LSM dan Wartawan Desak KPH Maria Donggo Masa Tindak Tegas Pelaku Pengrusak Hutan


Kabupaten Bima. Media Dinamika Global-id. LSM dan wartawan geruduk Kantor KPH Maria Donggo Masa, guna mendesak pihak KPH untuk mengambil sikap terhadap adanya pengrusakan hutan di Desa Kombo Kecamatan Wawo Kabupaten Bima. Jum'at, (14/07/23).

Kali ini beberapa kelompok masyarakat Desa Kombo Kecamatan Wawo Kabupaten Bima, melakukan aktivitas pembabatan hutan, bahkan aktivitas itu diketahui oleh pihak KPH Maria Donggo Masa.

Selain itu diduga ada sejumlah kejanggalan serta pelanggaran dilakukan oleh sekelompok warga Desa Kombo yang melakukan pengrusakan hutan tersebut, pasalnya kawasan hutan tersebut merupakan kawasan hutan tutupan.

Menyikapi hal itu, LSM dan Wartawan meninta kepada pihak KPH untuk mengambil sikap serta menindak tegas para pelaku pengrusak hutan tersebut, termasuk oknum-oknum yang berada dibelakang mereka.


Dalam pertemuan itu, Muhammad Arifuddin Kepala Seksi Perencanaan Pemanfaatan Huta dan Pemberdayaan Masyarakat menjelaskan, kita sudah tau adanya aktivitas yang merusak lahan kopi itu, dan teman-teman Resort Wawo sudah membuat laporan kejadian terkait insiden itu, dan sudah masuk ke seksi pengamanan hutan dan akan diproses dan ditindaklanjuti berdasarkan laporan teman-teman Resort. 

Selanjutnya nanti ada proses pengambilan keterangan. Ujarnya.

Hari ini kita tengah menyelidiki terkait apakah hutan yang mereka kerjakan itu termasuk kawasan hutan tutupan atau tidak, nanti akan ada tindakan dari bagian pengamanan, dan saya belum bisa memberikan kesimpulan, tapi yang jelas informasi itu sudah kami tau, teman-teman dari resort wawo sudah membuat laporan kejadian untuk ditindaklanjuti.

Dan terkait adanya kerugian pohon kopi milik warga yang dibersihkan oleh mereka, sejauh ini kita masih menunggu hasil dari bagian pengaman, tapi yang jelas akan ada pemanggilan setelah pengumpulan data-data, apapun out put untuk itu, kita tunggu hasil dari bagian pengamanan.
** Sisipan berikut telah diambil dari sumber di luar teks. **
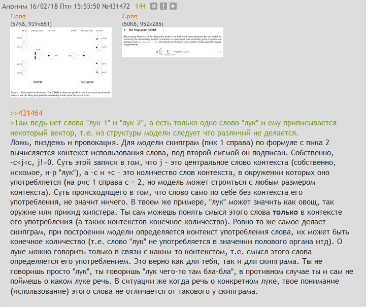 Ты хотя бы сейчас можешь признать что писал полнейшую хуйню что в word2vec есть какие то там контексты и он все могет различать или еще крутанешь хвостиком?

Soal pelanggaran pasti akan diproses dan akan ada sanksi, tergantung apakah dalam hal ini ada yang dilanggar atau tidak, kita tunggu saja hasil dari temuan teman-teman dilokasi. Pungkasnya.


Ditempat yang sama, Khaerudin selaku Polhut KPH menambahkan, soal kapan waktu, kita tunggu saja, nanti kita akan melakukan pemanggilan kepada yang bersangkutan sesuai yang ada di LK untuk diambil keterangannya, nanti ada saksi baik dari pihak masyarakat ataupun dari petugas yang akan memberikan keterangan. Dan jika nanti sudah terpenuhi semua barang bukti maupun saksi, nanti kita akan tetap limpahkan ke penyidiknya di Polres maupun LK. Tutupnya.

Memang sangat disayangkan tindakan yang dilakukan oleh beberapa oknum warga Kombo tersebut, pasalnya mereka tanpa berpikir panjang untuk menebang semua pohon kopi salah satu warga, pada hal kopi tersebut sudah beberapa kali dipanennya.

Juga baru-baru ini ada tawaran dari salah satu perusahaan dari pusat dengan harga yang cukup lumayan yaitu Rp. 35.000 per kilo, namun setibanya dilokasi pohon kopi hasil jerih payahnya sudah di tebang oleh seseorang, bahkan sadisnya lagi, lahan yang sudah sia kelola selama ini ingin di kuasai oleh oknum tersebut. (MDG 002).